А утром прискакал разведчик и сообщил: на Кучелмин с большими силами движется Ярослав Осмомысл. Иван стал разворачивать свои силы, готовясь к решительному сражению.
Скоро появился неприятель. Галичане шли ровными рядами, соблюдая строй по сотням и десяткам. По опыту Иван знал, что строй удесятеряет силу войска, поэтому с тоской оглядывал свое воинство: оно стояло толпой, кто где захочет. Привычные к внезапным нападениям, грабежам и набегам, бродники не очень признавали воинских правил, и хотя воевали храбро, но их запала хватало ненадолго; в случае длительного сопротивления они тотчас старались убежать с поля боя и скрыться.

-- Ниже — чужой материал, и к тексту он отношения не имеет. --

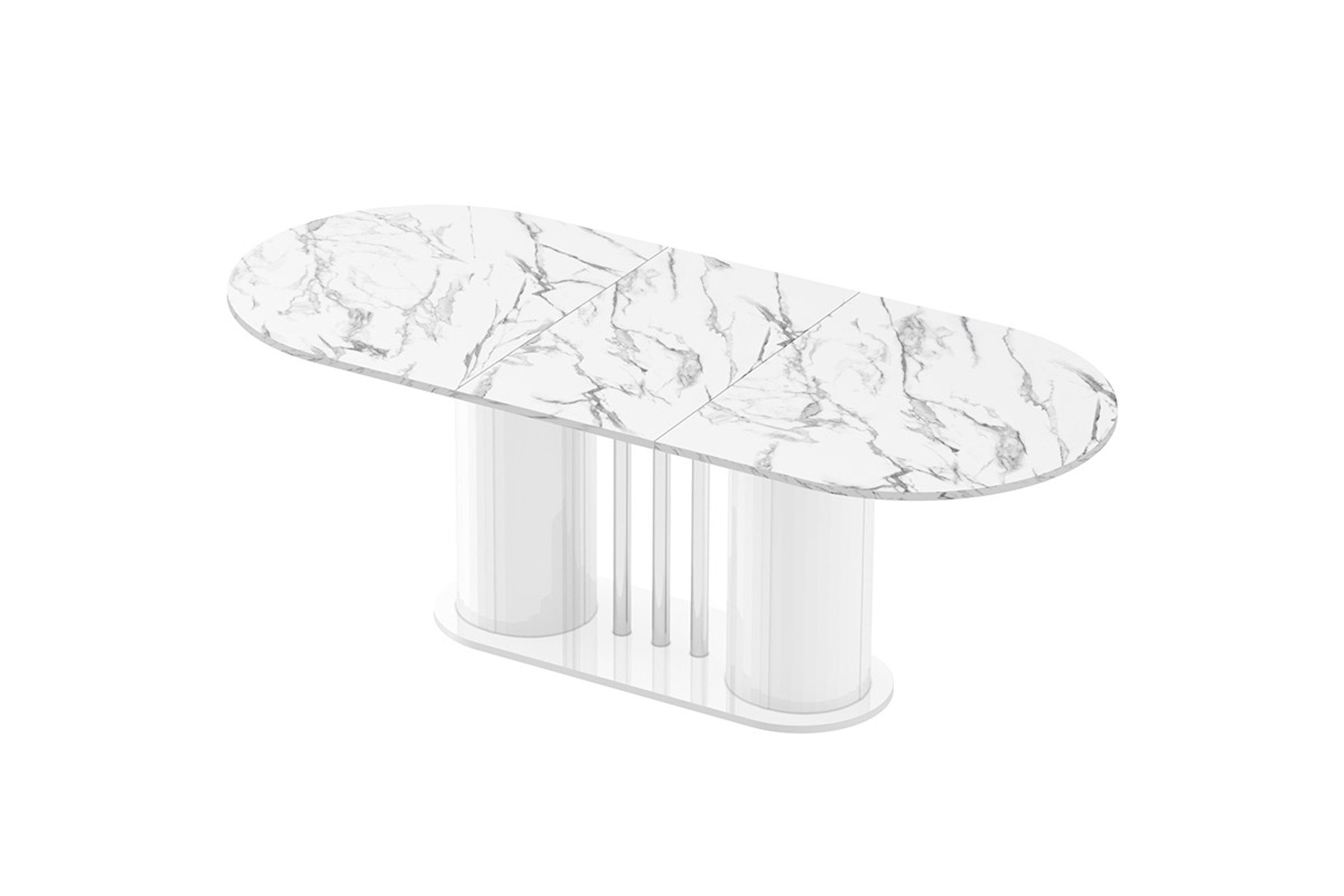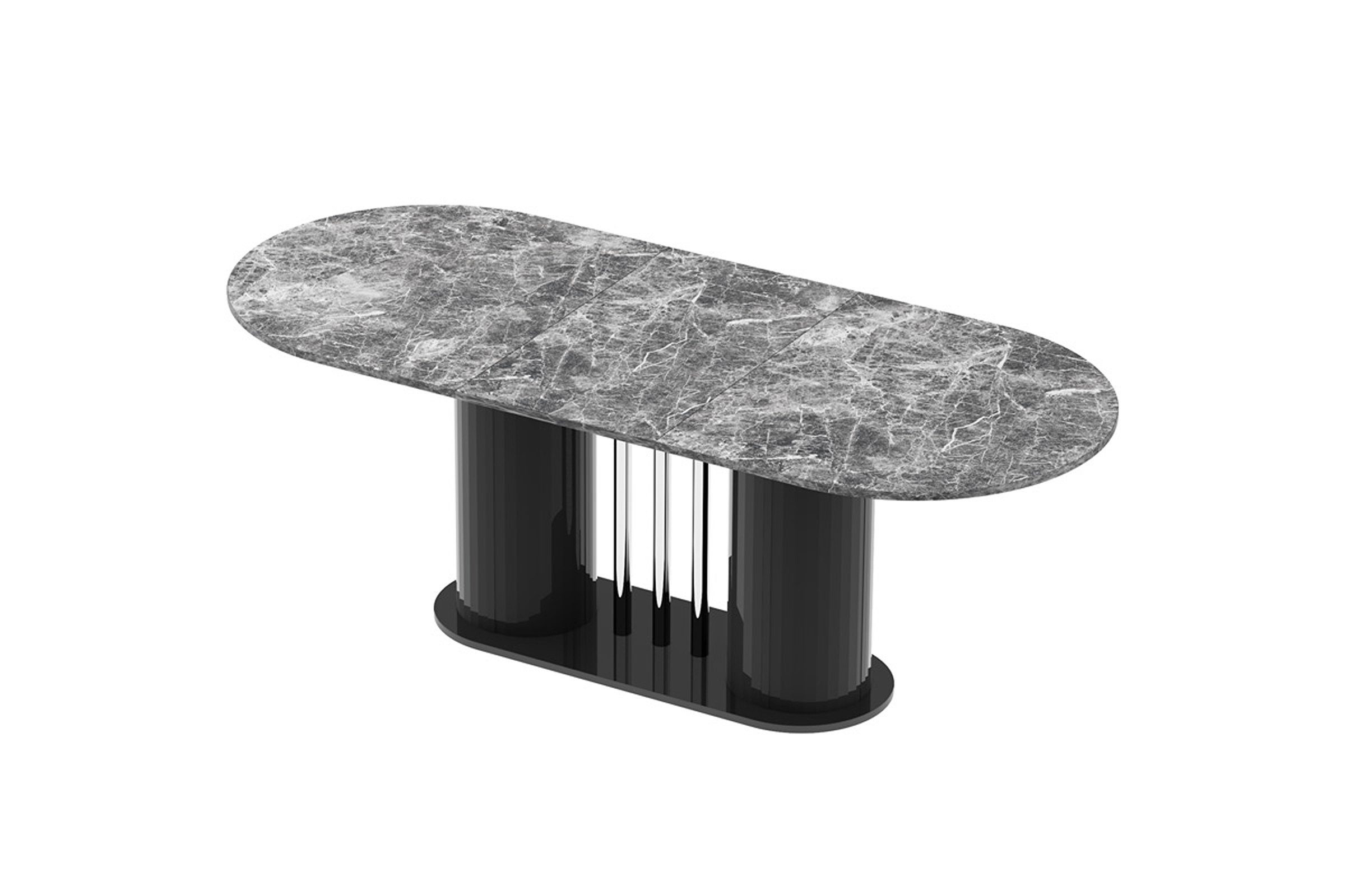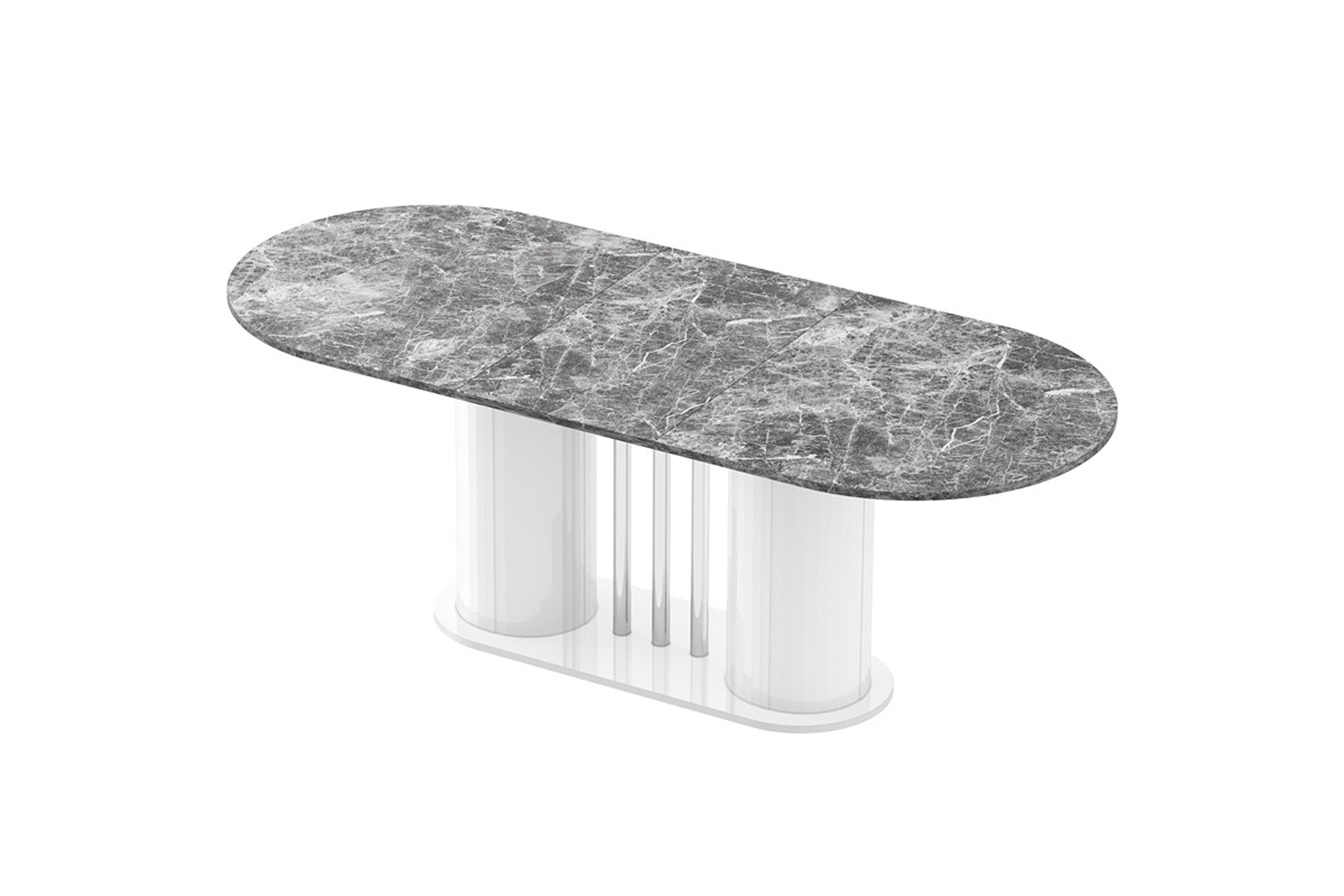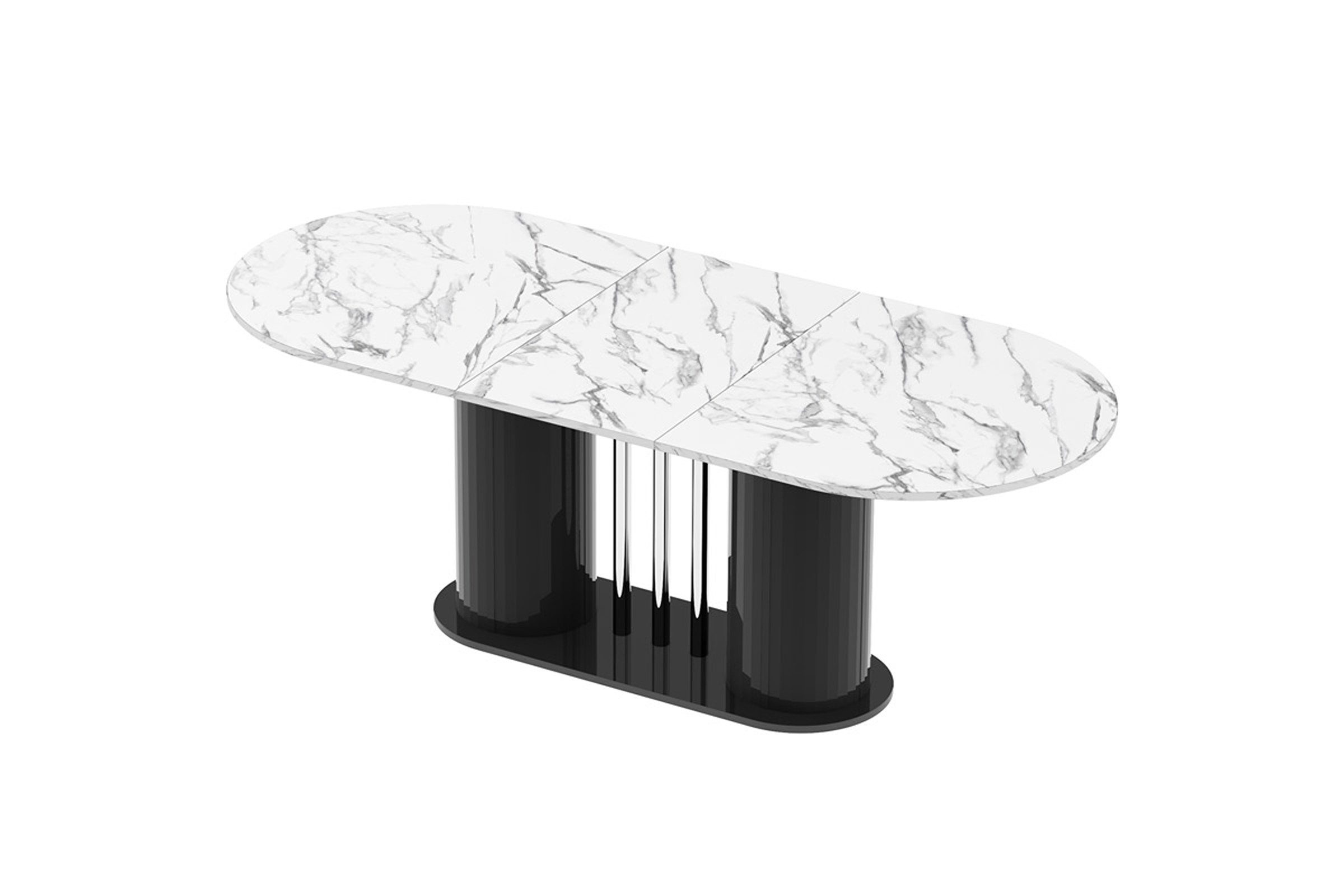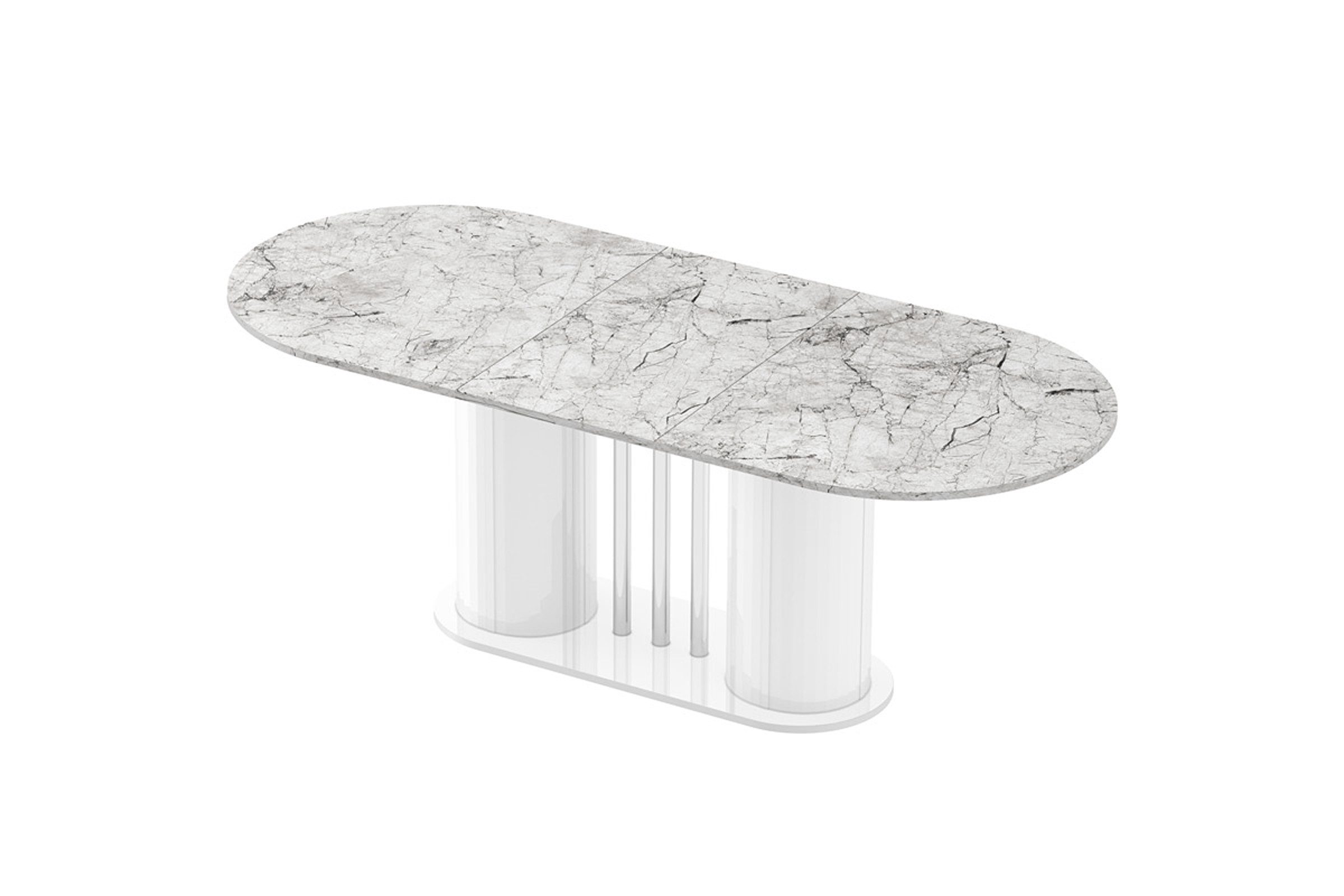 Ein wunderschöner und sehr praktischer ovaler Esstisch, der sich in der Длина ausziehen lässt. Um die Длина des Tisches zu vergrößern, werden die beiden Oberplatten auseinandergezogen (durch das Ziehen nur einer Platte bewegt sich automatisch die andere - "Synchronauszug") und das Verlängerungselement (sind im Tisch verstaut) werden aus der Mitte nach oben genommen. Dieser Funktionstisch ist sowohl von seiner Erscheinung, als auch von seiner Funktionalität etwas besonderes. Durch seine Geradlinigkeit entsteht ein stilvolles und zeitloses Design, wodurch in Ihren Räumlichkeiten neue Akzente gesetzt werden. Die Oberfläche des Tisches ist extrem hochglänzend und wird daher mit einer Schutzfolie beschiechtet geliefert, welche erst nach dem Aufbau abgezogen werden sollte.

Учитывая это, Иван решил напасть первым, надеясь, что дружным напором опрокинет галичан, а потом в ходе преследования окончательно добьет и на их плечах ворвется в Галич. Главное, чтобы нападение бродников было дружным и сокрушающим.
Иван выехал перед строем, проскакал вдоль рядов, выкрикивая слова ободрения, а потом поднял свой меч и зычно призвал:
— За мной, братцы! Смелее!
Пустив своего коня в галоп, он вглядывался в линию врагов, выискивая Осмомысла. Перед глазами мелькали разноцветные щиты, нарядные одежды и плащи, строй противника сливался в пеструю массу, среди которой невозможно было угадать князя. Да и некогда рассматривать! Вот галичане уже близко, видны неподвижные кони, точно влитые сидели всадники, поблескивало на солнце оружие, доспехи, шлемы… Со всей силой врезался Иван в гущу противника, не помня себя, рубил направо и налево, только мелькали перед его взором оскаленные морды коней, разъятые в диком крике рты воинов, сверкали мечи и наконечники пик…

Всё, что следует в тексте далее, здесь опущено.